### Task
What you write should match, word for word, the lines from the one containing "日本の気候は、14の気候区域" through the end of the data, with no pictures.

### Supplied information
****************
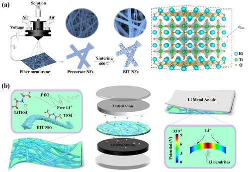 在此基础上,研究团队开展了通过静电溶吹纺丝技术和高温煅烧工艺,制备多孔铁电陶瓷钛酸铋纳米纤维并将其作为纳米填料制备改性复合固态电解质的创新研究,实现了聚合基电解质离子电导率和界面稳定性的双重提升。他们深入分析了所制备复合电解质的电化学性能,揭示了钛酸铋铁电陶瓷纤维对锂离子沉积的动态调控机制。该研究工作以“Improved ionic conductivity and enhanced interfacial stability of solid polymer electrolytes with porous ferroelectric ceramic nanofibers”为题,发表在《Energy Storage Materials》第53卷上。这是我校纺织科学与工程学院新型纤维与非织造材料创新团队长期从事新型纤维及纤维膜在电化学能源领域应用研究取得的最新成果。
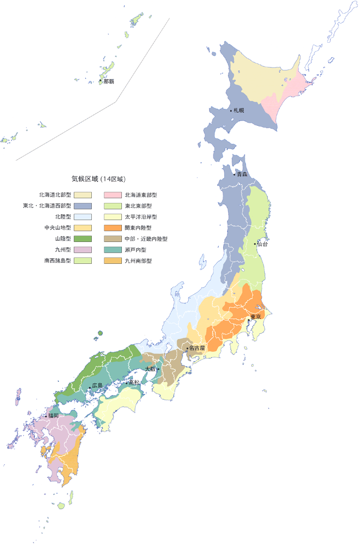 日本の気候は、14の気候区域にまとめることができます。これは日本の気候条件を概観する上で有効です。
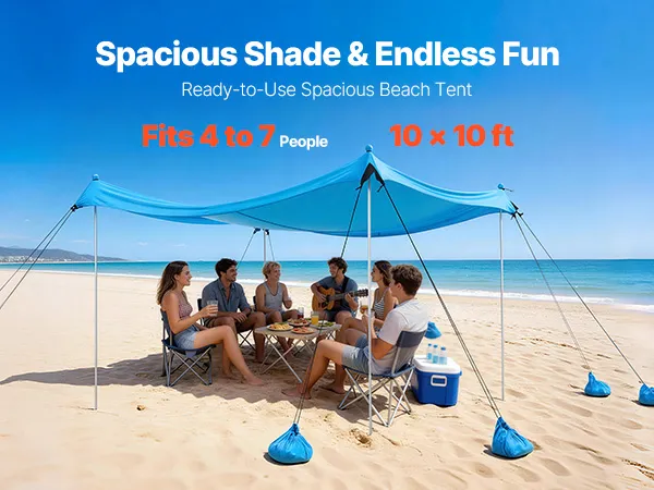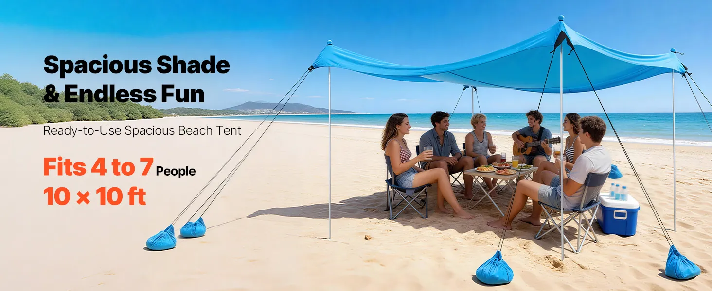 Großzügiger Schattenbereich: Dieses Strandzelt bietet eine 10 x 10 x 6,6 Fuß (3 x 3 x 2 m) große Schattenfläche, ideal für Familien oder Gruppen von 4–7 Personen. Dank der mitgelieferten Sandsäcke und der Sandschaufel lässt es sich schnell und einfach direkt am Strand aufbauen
****************
### Completed task
 日本の気候は、14の気候区域にまとめることができます。これは日本の気候条件を概観する上で有効です。
 Großzügiger Schattenbereich: Dieses Strandzelt bietet eine 10 x 10 x 6,6 Fuß (3 x 3 x 2 m) große Schattenfläche, ideal für Familien oder Gruppen von 4–7 Personen. Dank der mitgelieferten Sandsäcke und der Sandschaufel lässt es sich schnell und einfach direkt am Strand aufbauen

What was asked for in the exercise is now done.